The right way to Scrape a List of Topics from a Subreddit Using Bash
An output file is generated the same directory and contents will be something like this:
Let dive in the
jq command line we referred to as:
The actions begins when ever
curl is referred to as with a personalized header plus the URL of the subreddit to scrape. The outcome is piped to
jq where it parsed and reduced to 3 fields: Subject, URL and Permalink. These kinds of lines happen to be read, one-at-a-time, and kept into a changing using the browse command, all of the inside of a when loop, that may continue right up until there are reduce your lines you just read.
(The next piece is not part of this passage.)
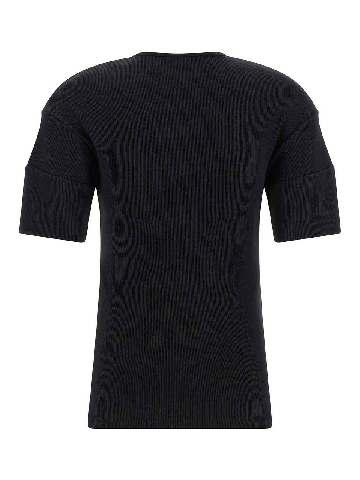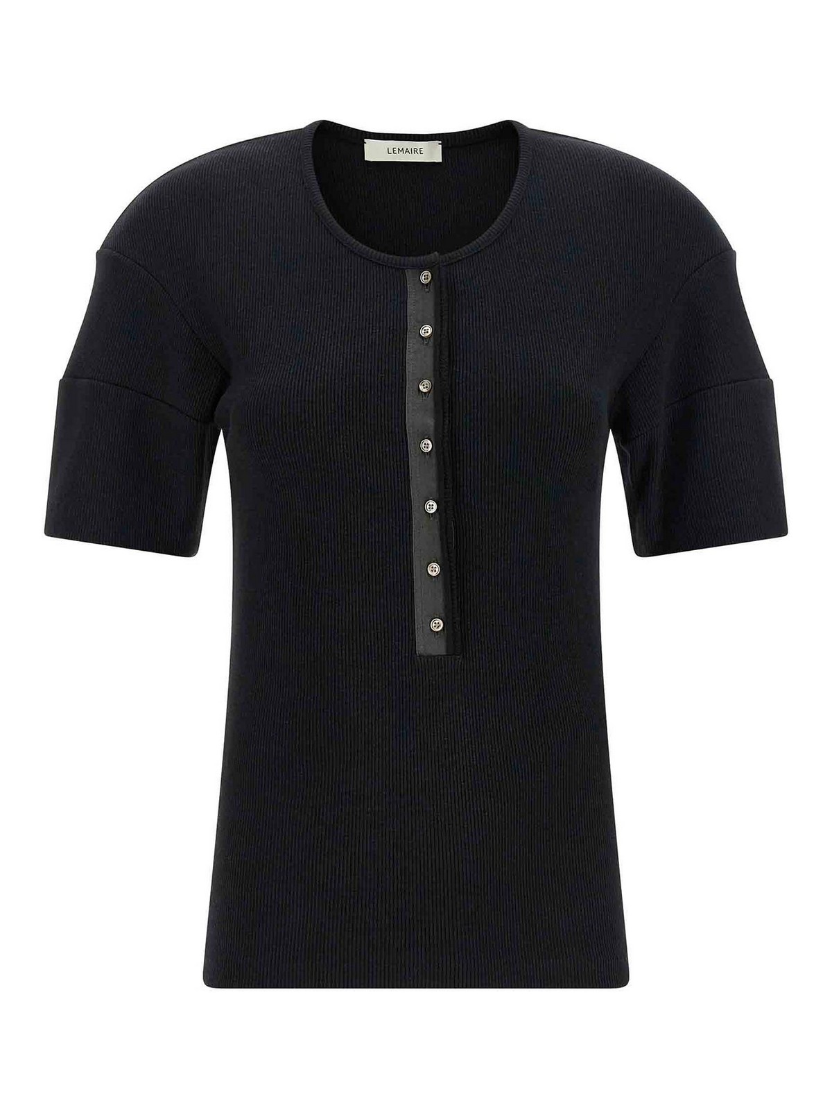 ヘンリーのリブ編みのコットンとリネンのジャージーセーター、マザーオブパールのボタン留めとフロントボタンにコントラストファブリックをあしらったラウンドネック、3D効果のあるプリーツをあしらったショートスリーブ。

The last distinctive line of the inner when block echoes the three domains, delimited with a tab persona, and then piping it throughout the
tr command line so that the double-quotes can be removed out. The outcome is then appended to a record.
And, last but not least, execute the script using a subreddit identity:
Wee gonna use
crimp to retrieve the JSON feed out of Reddit and
jq to parse the JSON info and get the fields we want from your results. Install these two dependencies using
apt-get on Ubuntu and other Debian-based Linux distributions. On other Linux distributions, make use of your distribution’s package administration tool instead.
Each item in the array is an object that also contains two fields called kind and data. The properties we want to grab are in the data object.
jq expects an expression that can be given to the type data and produces the specified output. It should describe the contents with regards to their pecking order and health club to an mixture, as well as how a data needs to be transformed. Let run the complete command once again with the appropriate expression:
Delicious fields inside the output info, but each and every one wee enthusiastic about are Subject, Permalink, and URL. Lit . an inclusive list of types and their domains on Reddit API records page: https://github.com/reddit-archive/reddit/wiki/JSON
Reddit may be a goldmine of interesting articles and news flash, and it all conveniently accessed featuring a JSON API. Now that you have ways to access this kind of data and process the results you can try things like:
Note the period that follows the command. This expression just parses the input and prints it as-is. The output looks effectively formatted and color-coded:
All of this is possible using the data offered and the tools you have on your system. Happy hacking!
Reddit offers JSON feeds for every subreddit. Here is how to produce a Bash script that downloads and parses a list of content from any subreddit you prefer. This is just one thing that you can do with Reddit’s JSON feeds.
There are three expressions in this command separated by two pipe symbols. The results of each manifestation are handed to the next for further evaluation. The first manifestation filters out all sorts of things except the array of Reddit listings. This kind of output is certainly piped in the second reflection and forced in an array. Your third expression serves on each aspect in the mixture and ingredients three homes. More information regarding
jq and expression format can be found in jq’s official manual.
The output should certainly fill up the terminal eye-port and look this type of thing:
We wish to extract Subject, Permalink, and URL, in the output info and preserve it into a tab-delimited data file. We can work with text developing tools just like
grep , although we have an alternative tool by our discretion that recognizes JSON info structures, named
jq . To find our initial attempt, let use it to pretty-print and color-code the output. Wel utilize the same contact as prior to, but this time, tube the output through
jq and instruct it to parse and produce the JSON data.
The output shows Title, URL, and Permalink each on their own brand:
Open your editor and duplicate the items of this snippet into a document called scrape-reddit. sh
Let put the API call and the JSON post-processing together in a script which will generate a file with the discussions we want. Wel add support for fetching posts coming from any subreddit, not just /r/MildlyInteresting.
Let study the structure of the JSON data we get back coming from Reddit. The main result is usually an object which contains two houses: kind and data. The latter holds a property called
children , which include an array of posts to this subreddit.
Each brand contains the three fields wee after, segregated using a case character.
Ahead of we can do this program, we must make certain that it has been of course execute accord. Use the
chmod command to put on these accord to the data file:
Note how the options used before the URL:
-s forces curl to run in silent mode so that we don see any output, except the data from Reddit servers. The next option and the parameter that follows,
-A eddit scraper example/code> , sets a custom individual agent line that helps Reddit identify the service being able to view their info. The Reddit API hosts apply pace limits based upon the user agent string. Setting up a tailor made value can cause Reddit to segment each of our rate limit away from different callers and minimize the chance that we all get a great HTTP 429 Rate Limit Exceeded problem.
Let see the actual data supply looks like. Make use of
curl to fetch the most recent posts from your MildlyInteresting subreddit:
Next, it is going to store the first disagreement as the subreddit brand, and build up a date-stamped filename in which the output will be saved.
This script can first check if the user features supplied a subreddit brand. If not really, it from the with a mistake message and a non-zero return code.